PROBLEM TO WORK ON. Copy exactly. Include the line containing "如果客厅空间较大,且沙发是围", every line after it, and the last line below, but no pictures.

DATA PROVIDED.
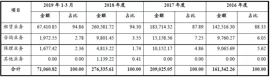 融和租赁营业收入主要由融资租赁利息、咨询服务费以及保理利息等三部分组成。2019年三季度营业收入为7.11 亿元。2018年末营业收入较 2017年末增加 6.73亿元,增幅达到32.20%,主要是融和租赁各项业务规模迅速扩张。其中,2019年三季租赁业务贡献的收入占营业收入合计的94.86%,占比较高,融和租赁的融资租赁业务主要采用直接租赁以及售后回租形式展开。
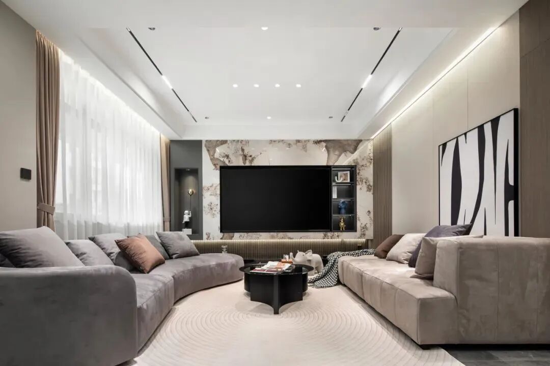 如果客厅空间较大,且沙发是围合式摆放的,那么可以选择一块更大尺寸的地毯,能够完全覆盖沙发所围成的区域,使整个客厅的焦点更加集中。
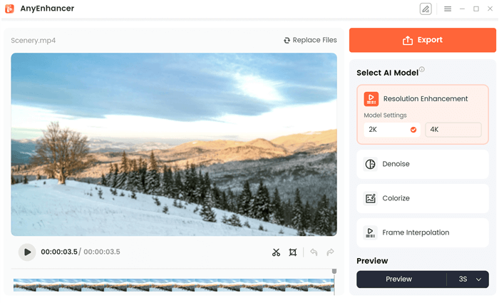 只需上傳您的視頻,選擇一個 AI 模型,然後讓 AnyEnhancer 發揮它的魔力。它適用於 Windows 和 Mac。此外,它還提供實時預覽和多種導出選項。非常適合任何想要以最少的努力獲得專業品質視頻的人。
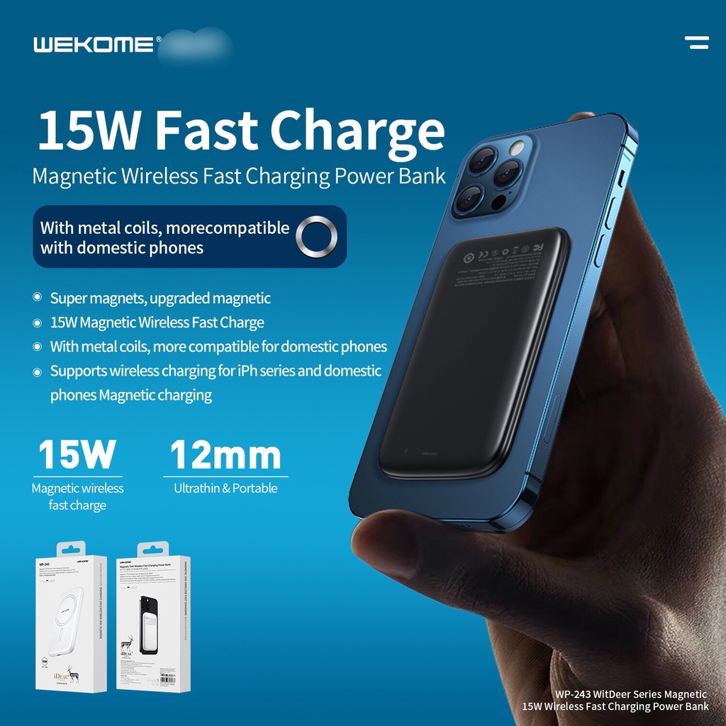 CHÍNH HÃNG sạc dự phòng magsafe Kiêm Sạc Dự Phòng 5W 15W 20w Hỗ Trợ nhiều Thiết Bị wk wp 243 500mah

PROBLEM SOLUTION.
 如果客厅空间较大,且沙发是围合式摆放的,那么可以选择一块更大尺寸的地毯,能够完全覆盖沙发所围成的区域,使整个客厅的焦点更加集中。
 只需上傳您的視頻,選擇一個 AI 模型,然後讓 AnyEnhancer 發揮它的魔力。它適用於 Windows 和 Mac。此外,它還提供實時預覽和多種導出選項。非常適合任何想要以最少的努力獲得專業品質視頻的人。
 CHÍNH HÃNG sạc dự phòng magsafe Kiêm Sạc Dự Phòng 5W 15W 20w Hỗ Trợ nhiều Thiết Bị wk wp 243 500mah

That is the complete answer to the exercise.